Avant l’aiguisement des désaccords politiques entre Israël et Palestine, les deux peuples vivaient en bons termes sur le territoire. Ils dansèrent, mangèrent et s’amusèrent ensemble durant 14 siècles. En est-ce encore le cas aujourd’hui?

Des années 1920 qui marquèrent l’arrivée des premiers colons juifs en Palestine à nos jours, les pistes d’une kyrielle de solutions diplomatiques ont été explorées par les deux peuples dans l’espoir pour eux de résoudre les conflits politiques et territoriaux qui les opposent. Même la possibilité d’un État binational a été envisagée, jusqu’en 1947, sous l’arbitrage et la supervision de l’UNSCOP (United Nations Special Committee on Palestine). Cependant, il n’y a eu aucun progrès dans les  négociations de paix entre Israéliens et Palestiniens.  La montée d’Israël en puissance militaire, avec l’assistance inconditionnelle des États-Unis, rend de plus en plus improbable le règlement à l’amiable des contentieux envenimés. Israël se classe 4ème parmi les plus grands et importants pays producteurs et exportateurs d’armes de destruction massive au monde. Noam Chomsky, dans « Palestine, L’état de siège », a même risqué de sous-titrer : « Proche-Orient : une paix possible (qui n’arrivera pas). »

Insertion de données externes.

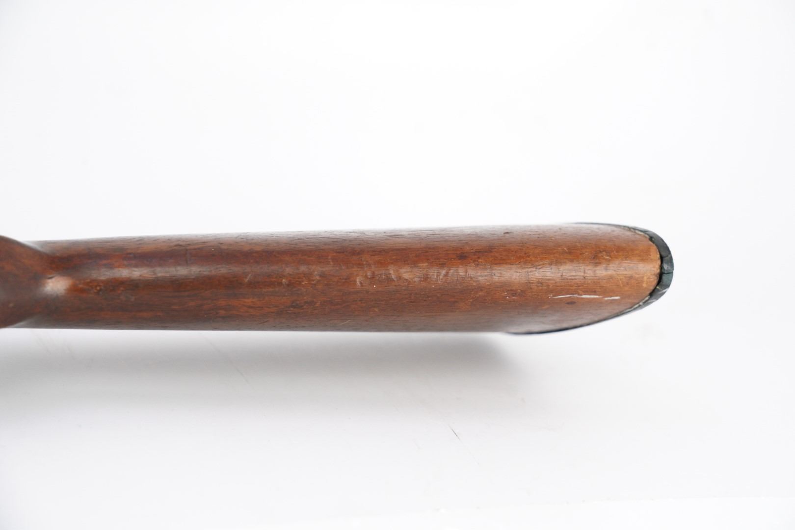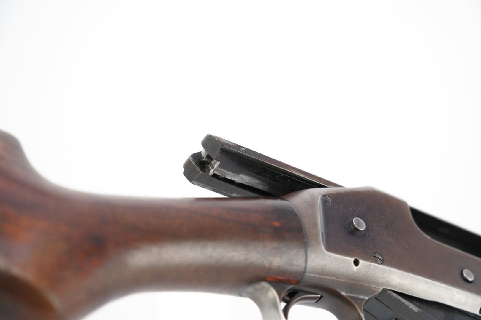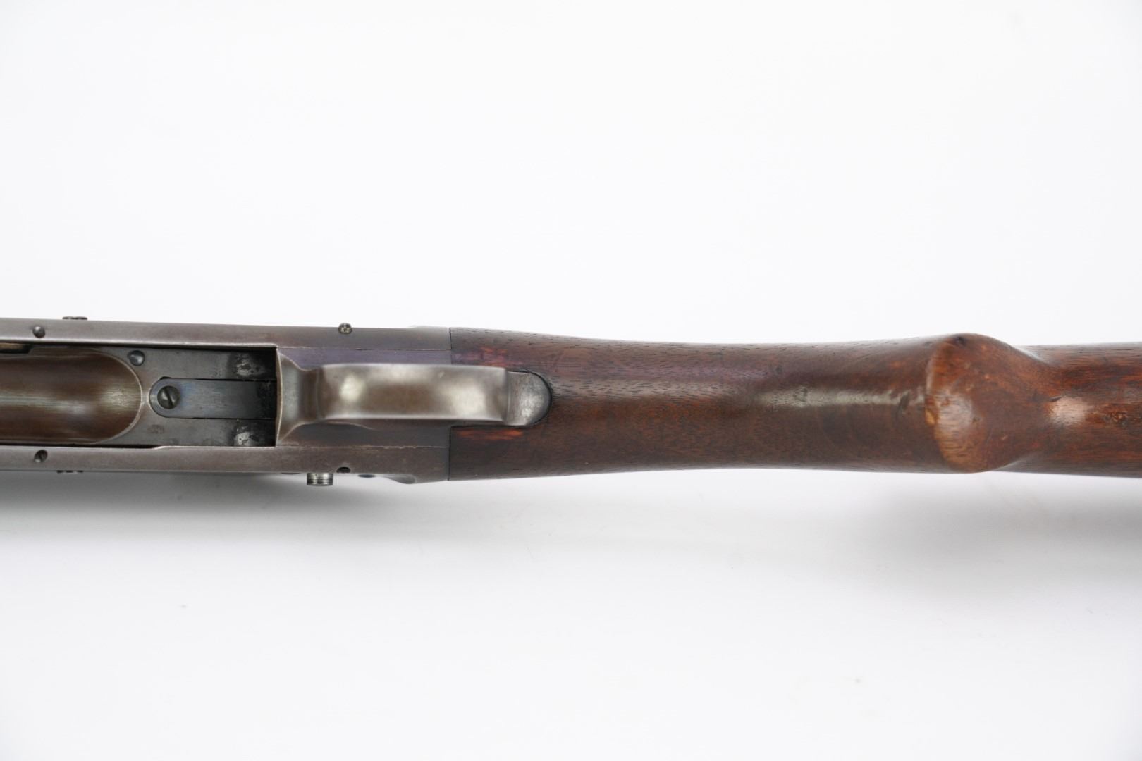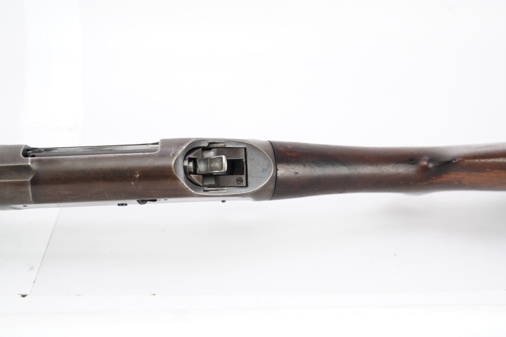 Stock Configuration & Condition: The stocks are two-piece wood featuring a ribbed forend, a semi-pistol grip, a straight comb and a Winchester hard rubber buttplate. The wood shows light to moderate nicks, scratches, dings and some minor handling and storage marks. The forend had scuffing marks, a chip at the left rear and a long crack along the underside from the rear edge going forward. The buttstock has patches of finish loss and speckled chipping along the rear edge. The LOP measures 13 5/8" from the front of the trigger to the back of the buttplate. The buttplate had stuttered impact marks and is slightly proud to the wood on the sides. The stocks are in Good Plus overall condition.

Il faut que Dominicains et Haïtiens se montrent assez «conciliants » pour éviter de basculer dans la « palestinisation » ou l’ « israélisation » des hostilités qui les opposent depuis des décennies sur une base farfelue de racisme, noirisme et surtout d’ « anti-haïtiannisme » primaire. Quelles que soient les raisons évoquées, une telle dégénérescence ne pourra que profiter aux penchants voraces de la Communauté internationale, particulièrement les États-Unis et son compère le Canada, sans écarter la France, qui nourrissent et caressent leur plan de mainmise sur l’île, par l’entremise de l’Organisation des Nations unies, leur « cheval de Troie ». Contrairement à sa voisine, Haïti n’a pas d’armée. L’Organisation hémisphérique, OEA, l’Organisation des Nations unies, ONU – dont, dans les deux cas, elle est  membre fondateur  –  aurait le devoir absolu de la protéger contre toute forme d’agression armée venant de l’extérieur, ne serait-ce que pour éviter le massacre d’une population sans défense [2]. N’est-ce pas dans ce contexte international que les puissances mondiales tentent toujours de placer les opérations militaires « Restore Hope » – quoique « bidon » – qu’elles entreprennent en Somalie, Irak, Afghanistan, Libye, Mali, Centrafrique, ou ailleurs…? Dans bien des cas, ce sont les pyromanes qui deviennent les sapeurs-pompiers…!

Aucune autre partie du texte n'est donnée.